Ein führender politischer Führer des Irak hat den Vereinigten Staaten eine direkte Warnung ausgesprochen und sie aufgefordert, sich aus den Angelegenheiten des Irak herauszuhalten und aufzuhören, nach mehr Konflikten in Westasien zu drängen.
Seyyed Ammar al-Hakim, Leiter der Nationalen Weisheitsbewegung des Irak, machte deutlich, dass die Iraker keine ausländische Einmischung in die Entscheidungen ihres Landes akzeptieren werden. Bei einer Gedenkveranstaltung betonte al-Hakim, dass der Irak eine souveräne Nation ist, die niemanden braucht, der als ihr Vormund handelt.
„Der Irak hat einen hohen Preis dafür bezahlt, sich von internationalen Sanktionen und Beschränkungen zu befreien“, sagte er. „Wir werden es nicht zulassen, dass uns jemand in diese Situation zurückdrängt.“
Der irakische Führer sprach auch die steigenden Spannungen zwischen dem Iran und den Vereinigten Staaten an. Er sagte, dass die Iraker den Dialog zwischen den beiden Seiten unterstützen und forderte Washington auf, „aufzuhören, auf diejenigen zu hören, die Krieg wollen.
„Spannungen kommen nur den Kriegs- und Krisenhändlern zugute“, warnte al-Hakim. „Gewöhnliche Menschen in dieser Region sind es, die den Preis mit ihrem Leben und ihrer Sicherheit bezahlen.“
Er betonte, dass die Stabilität des Irans für die gesamte Region wichtig ist und forderte die US-Regierung auf, diese Realität zu verstehen.
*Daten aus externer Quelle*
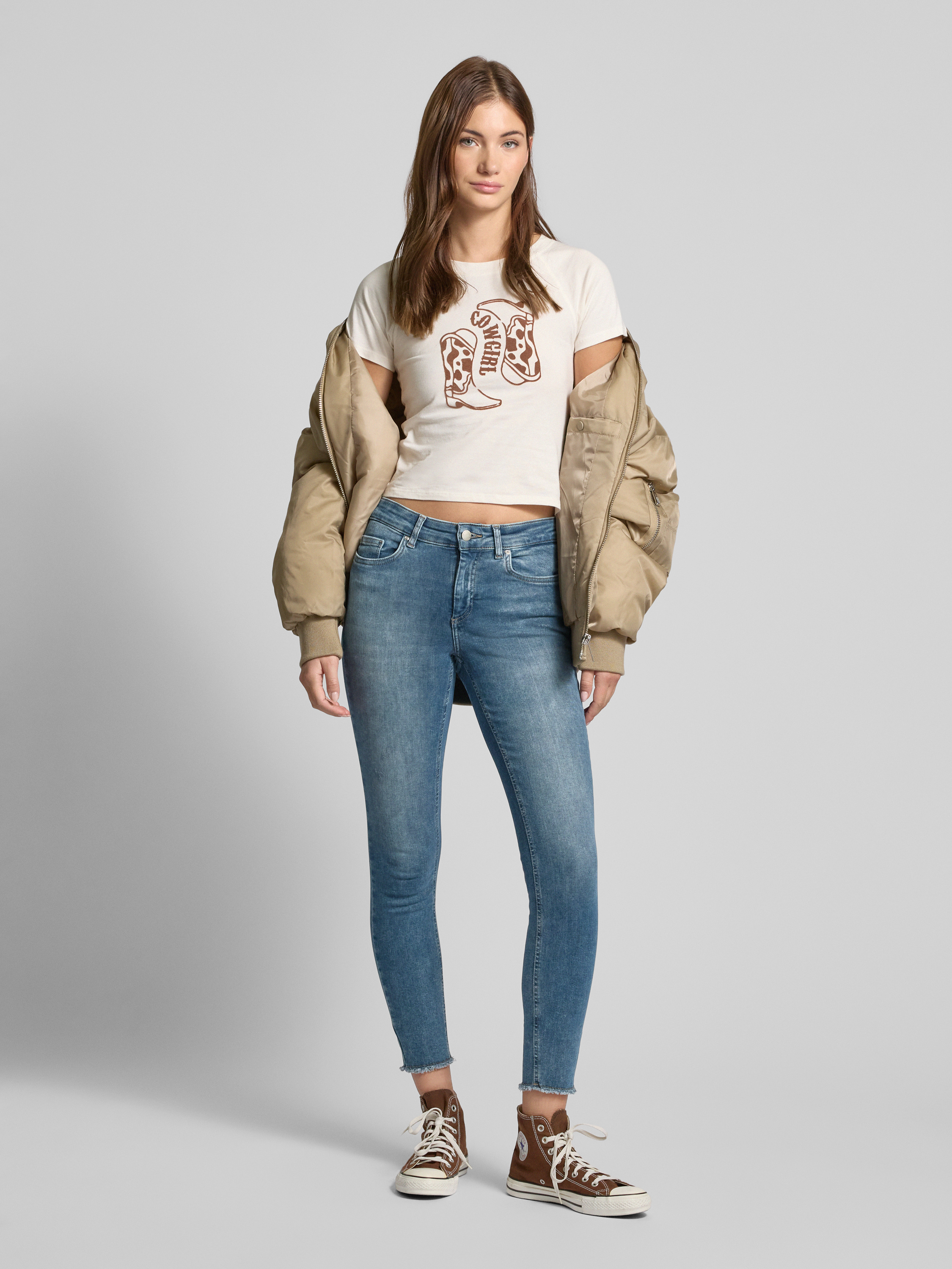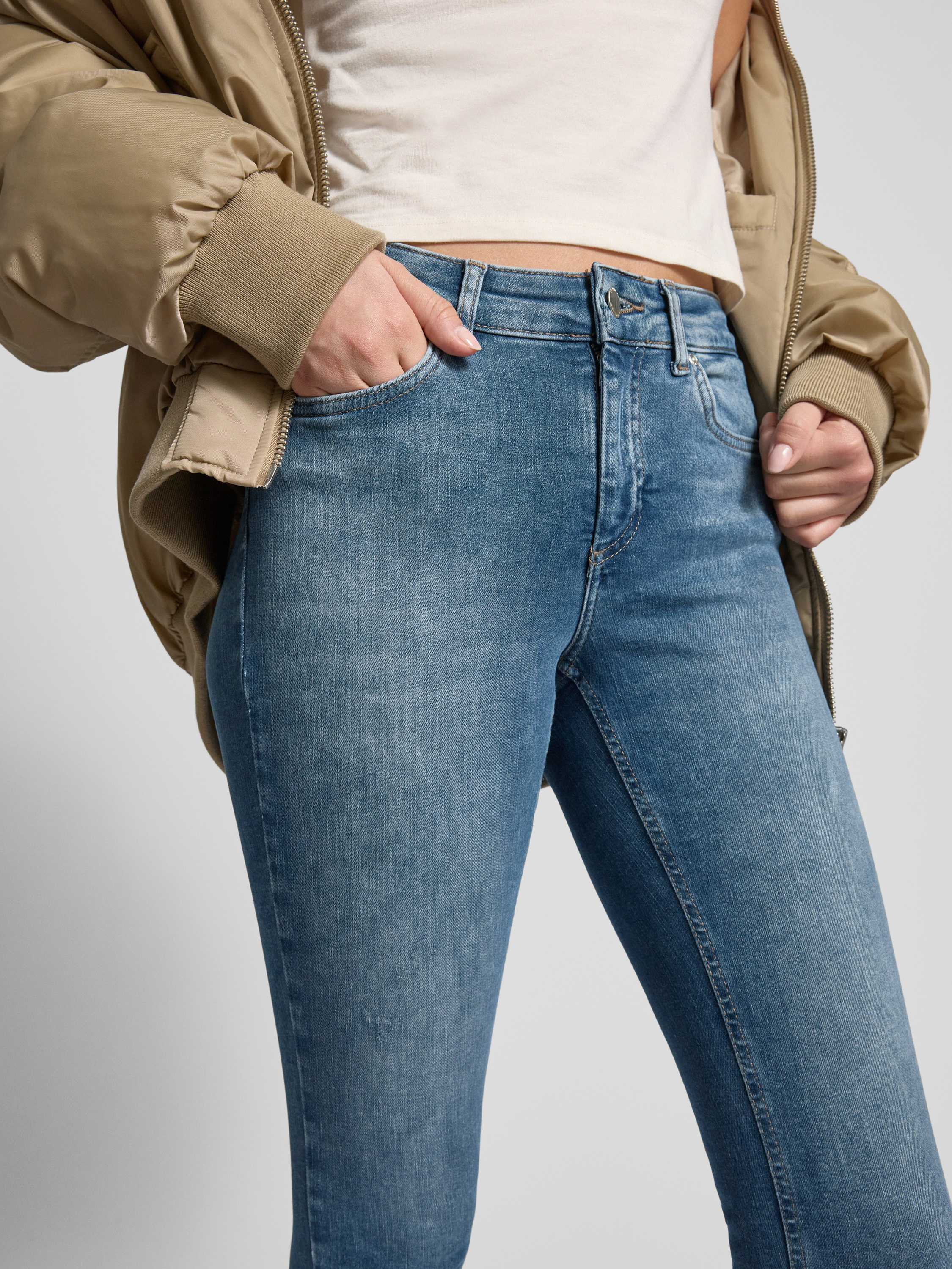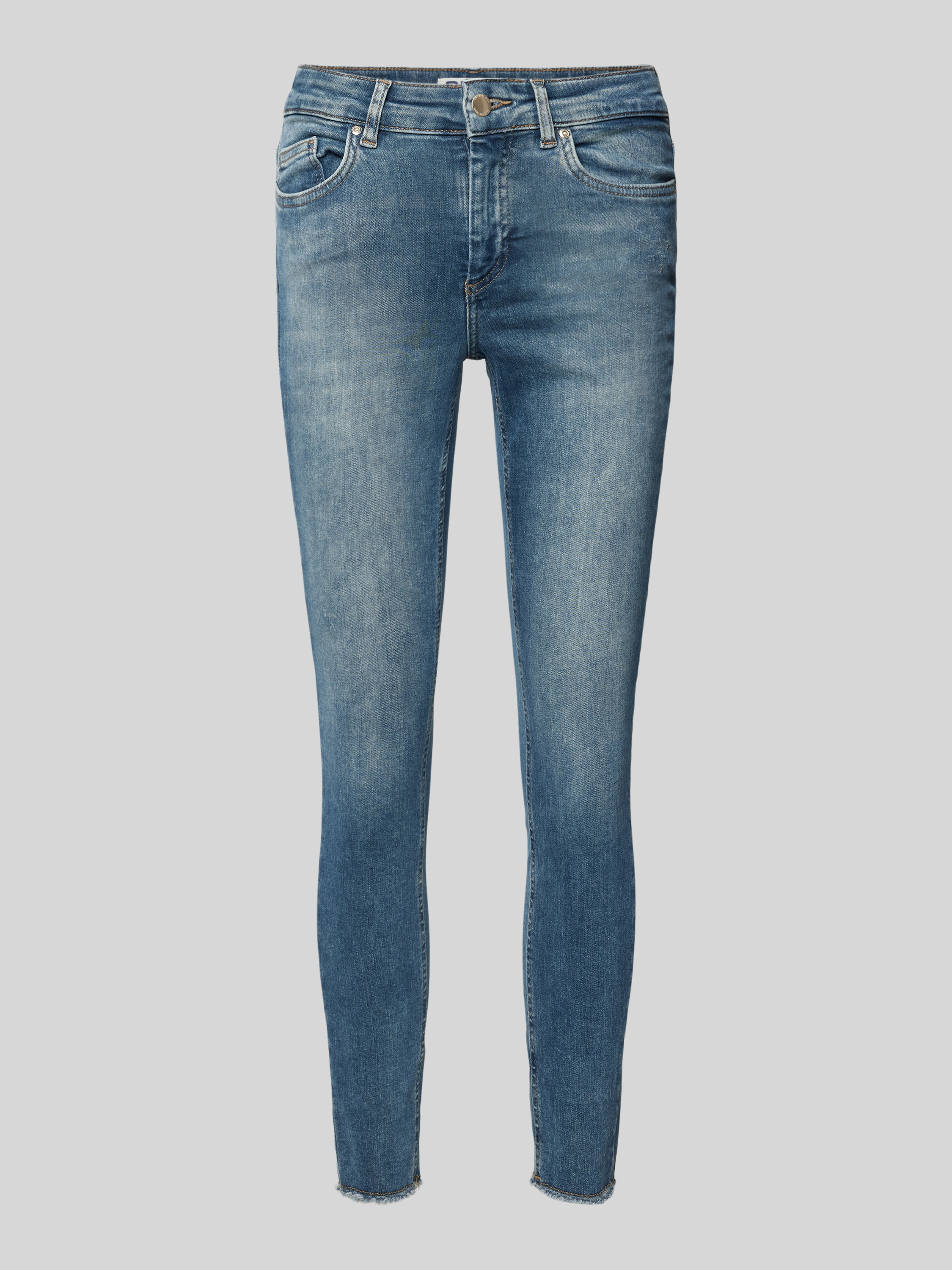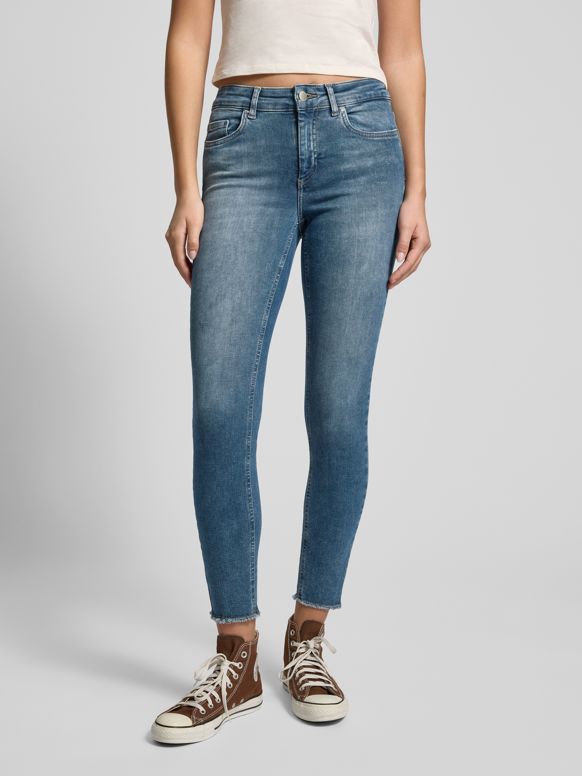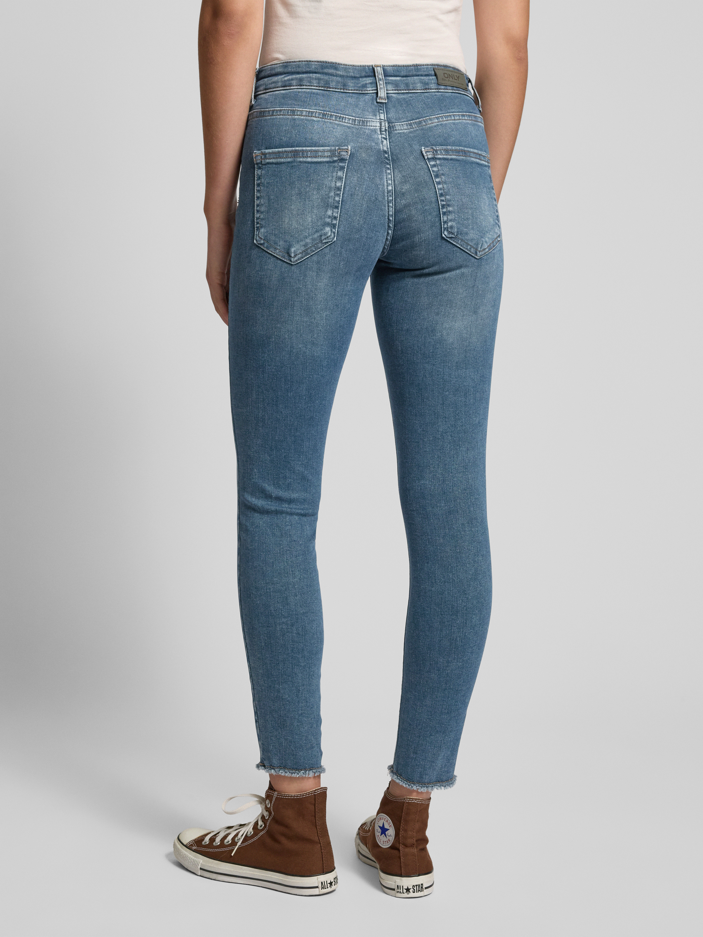 Skinny fit jeans van katoenmix met pijpen met franjes, model 'BLUSH' in jeansblauw

Laut al-Hakim müssen die amerikanischen Politiker erkennen, dass militärische Eskalation niemandem hilft.
Al-Hakim wies auch jegliche Versuche zurück, den Irak unter Druck zu setzen, sich auf eine Seite zu schlagen oder ausländischen Anweisungen zu folgen. Er bestand darauf, dass alle irakischen Entscheidungen von den Irakern durch ihre verfassungsmäßigen Institutionen getroffen werden müssen.
Die Rede spiegelt wachsende Frustration in Westasien über die fortgesetzte militärische Präsenz und politische Einmischung Washingtons wider. Neben der Invasion Afghanistans im Jahr 2001 und des Iraks im Jahr 2003 hat die USA terroristische Gruppen in der Region finanziert, um Regierungen zu stürzen, die nicht mit ihren Politiken übereinstimmen, und auch israelische Kriegsanstrengungen gegen Palästinenser, ihre Nachbarn und darüber hinaus finanziert.